Synthetic Data Generation for Phrase Break Prediction with Large Language Model
This work addresses data scarcity and annotation costs for researchers and developers in speech technology, but it is incremental as it applies an existing LLM method to a new domain.
The paper tackles the problem of high manual annotation costs and data variability in phrase break prediction for text-to-speech systems by using large language models to generate synthetic data, showing that this approach effectively mitigates data challenges across multiple languages.
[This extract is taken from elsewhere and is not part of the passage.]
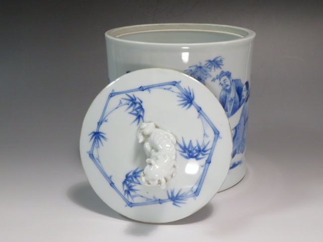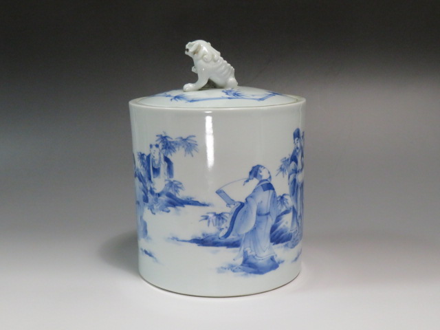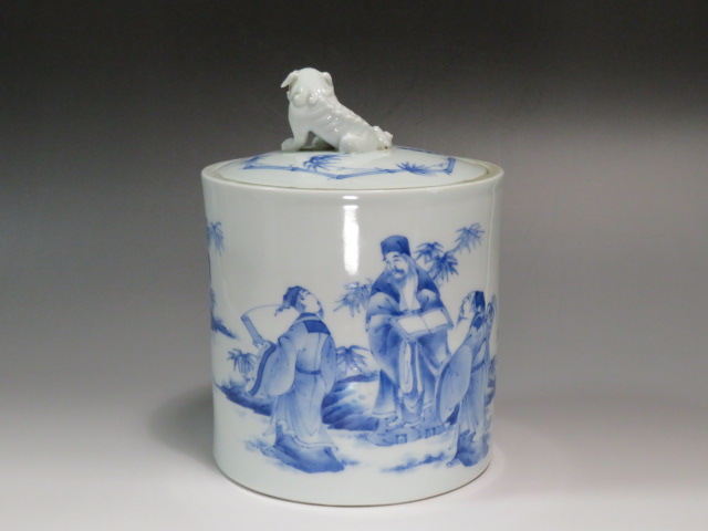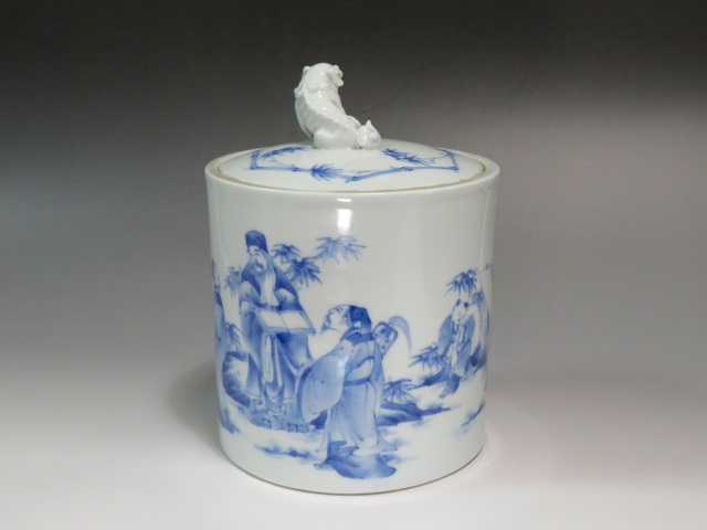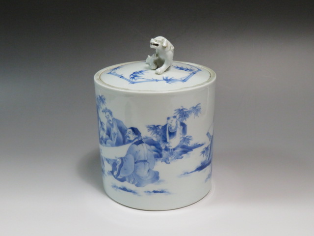 三河内 染付竹林七賢図水指 19世紀 (幕末~明治)

Current approaches to phrase break prediction address crucial prosodic aspects of text-to-speech systems but heavily rely on vast human annotations from audio or text, incurring significant manual effort and cost. Inherent variability in the speech domain, driven by phonetic factors, further complicates acquiring consistent, high-quality data. Recently, large language models (LLMs) have shown success in addressing data challenges in NLP by generating tailored synthetic data while reducing manual annotation needs. Motivated by this, we explore leveraging LLM to generate synthetic phrase break annotations, addressing the challenges of both manual annotation and speech-related tasks by comparing with traditional annotations and assessing effectiveness across multiple languages. Our findings suggest that LLM-based synthetic data generation effectively mitigates data challenges in phrase break prediction and highlights the potential of LLMs as a viable solution for the speech domain.